When stitched into garments, the complex substance reveals the size of the perp, possibly age and maybe site of storage and, often, the source of purchase. It can shed fibers faster than a golden retriever blows his coat. And even better, cloth captures and retains wonderful trace evidence and in some rare instances fingerprints. Not to mention it can serve as a sponge to soak up and store that most wonderful of substances, deoxyribonucleic acid. Also known as DNA. Three letters that, Rhyme would theatrically tell his criminalistics students, spelled bad news for perps.
Rhyme was presently watching Mel Cooper process the jacket discarded by Unsub 47 in the storm drain in Queens.
They knew the garment was his because it contained traces of gunshot residue that was nearly identical in composition to residue on Weintraub’s body and found at the crime scenes in Patel’s building in the Diamond District. Cooper also discovered traces of the same rock dust near Weintraub’s body that was found at Patel’s: that kimberlite. The substance was proving helpful. The bullet striking the stone had blown a significant amount of rock dust and tiny chips throughout Patel’s shop, some settling on the unsub. It was acting like a marker to link him to locations and contacts.
Locard’s Principle, after Edmond Locard, the French criminalist, holds that in every exchange between criminal and victim, or criminal and crime scene, there is a transfer of matter. (“Every contact leaves a trace.”) If the forensic scientist is diligent enough, and clever enough, he or she can find that substance and determine what it is. That doesn’t mean, of course, that it will lead you to the perp’s door, but it can start you on the path.
This kimberlite, a perfect example of Locard’s matter, had become a helpful partner in their hunt for the unsub.
Rhyme called, “Prints?”
“Negative,” Cooper replied. He’d been over every inch of the jacket with an alternative light source then tried gold and zinc vacuum metal deposition, which can sometimes raise fingerprints on cloth. Well, that was always a long shot with garments.
Rhyme told him, “Get samples to Queens for DNA and TDNA.”
“Already ordered,” Cooper said. There was likely a DNA sample somewhere on the coat. Sweat or spit or tears or—it wasn’t unheard of with outer garments—semen adhere plentifully. If this was the case here, the DNA profile might have a positive hit in the CODIS or an international database and reveal the suspect’s identity. Even if no significant amounts of fluid or tissue were found, though, there would certainly be skin cells, which might be used for a Touch DNA analysis. This technique is less accurate than a full DNA workup—it requires only a half-dozen skin cells—and can result in false positive results. But this would not be for criminal trial, merely direction in getting the unsub’s identity.
Cooper slipped the jacket into an evidence bag and, since he hadn’t done so earlier, added his name to the chain-of-custody card. He left it inside the front door to await pickup by a team from the DNA analysis unit in Queens.

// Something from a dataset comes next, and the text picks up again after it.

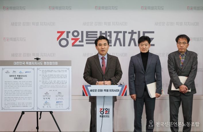 전국신문언론노동조합 강찬희 기자 | 강원, 제주, 세종, 전북으로 구성된 ‘대한민국특별자치시도 행정협의회’(대표회장 : 김진태 강원특별자치도지사)는 1월 21일 4개 특별자치시‧도의 특별법안 조속한 통과와 광역 행정통합 인센티브 부여에 따른 역차별 우려를 담은 공동성명서를 발표했다.
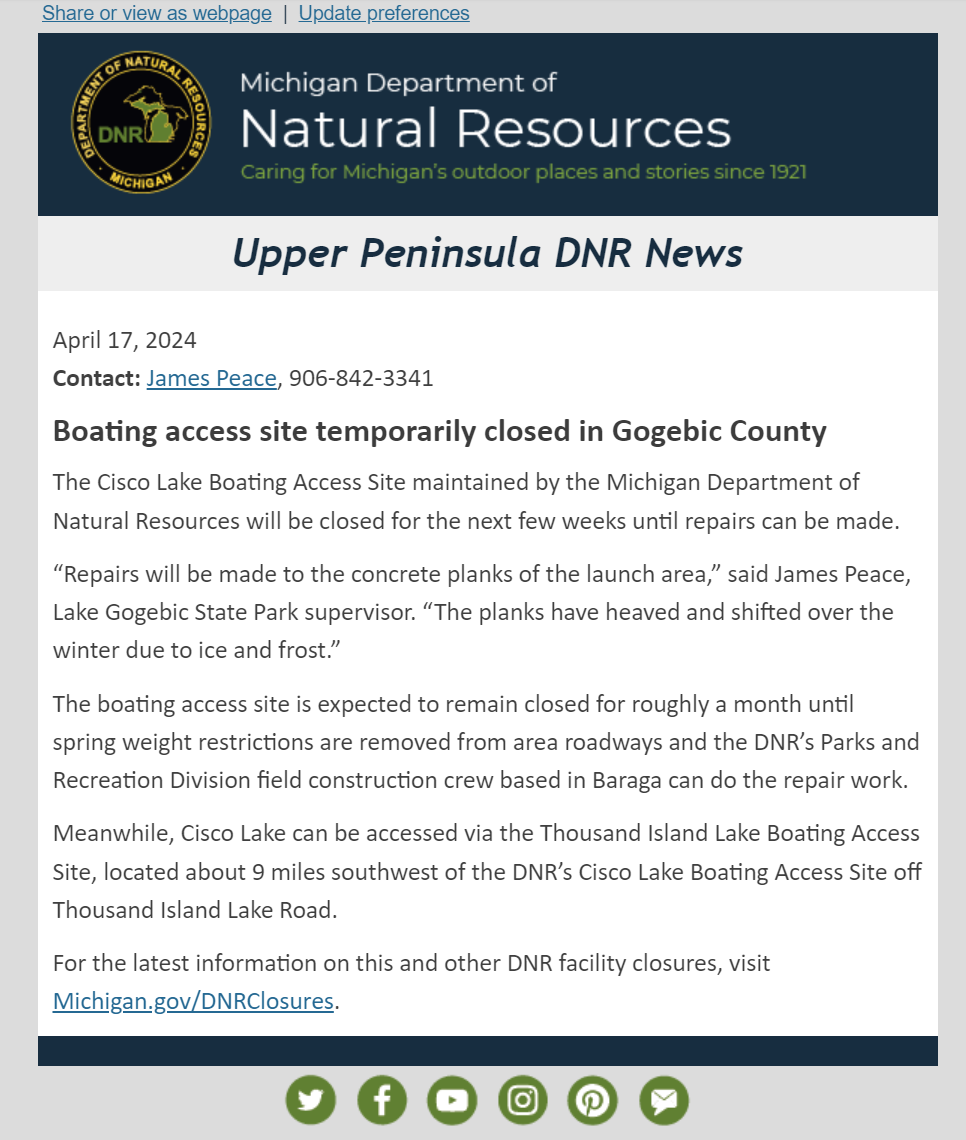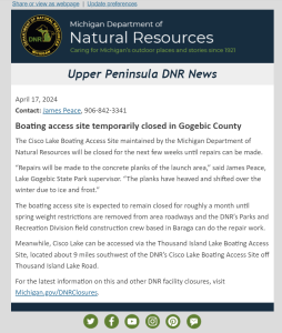 FYI: Boating Access Site Temporarily Closed in Gogebic County April 19, 2024 https://www.isccw.org/wp-content/uploads/2024/04/DNR-FYI.png Posted in Home Featured, News

The brand labels had been cut from the jacket—clever. It was roughly a medium size, man’s. The stitching suggested mass manufacturing in a third-world country. Probably sold in a thousand stores around the country. There would be no leads from this angle.

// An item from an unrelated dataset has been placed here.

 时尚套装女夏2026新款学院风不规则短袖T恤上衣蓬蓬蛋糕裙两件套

In evidence bags Cooper assembled samples of fibers he’d taken from the jacket, along with fibers found inside the pockets—they were black cotton, very similar to those found at Patel’s, from the gloves, and polyester fibers, from the mask.

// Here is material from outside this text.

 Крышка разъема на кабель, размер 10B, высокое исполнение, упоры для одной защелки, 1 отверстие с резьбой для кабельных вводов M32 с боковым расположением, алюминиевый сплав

Patrolman Ron Pulaski called in. He explained he was still having no luck tracking down the mysterious VL. Rhyme recalled what their insurance investigator had warned of: the reluctance of those in the diamond community to talk to outsiders. As well as a natural tendency not to get involved in a case in which the perp was fast to use a razor knife and gun.
“Keep at it,” he told the Rookie and they disconnected.
VL’s refusal to contact the police was perplexing. Yes, he’d be scared of being targeted by the killer, but generally a witness would come forward immediately and ask for protection—and help catch the perp. It was also curious that no friends or family had contacted the police—surely he’d told someone about his run-in with the perp. He was a young man and must have a family.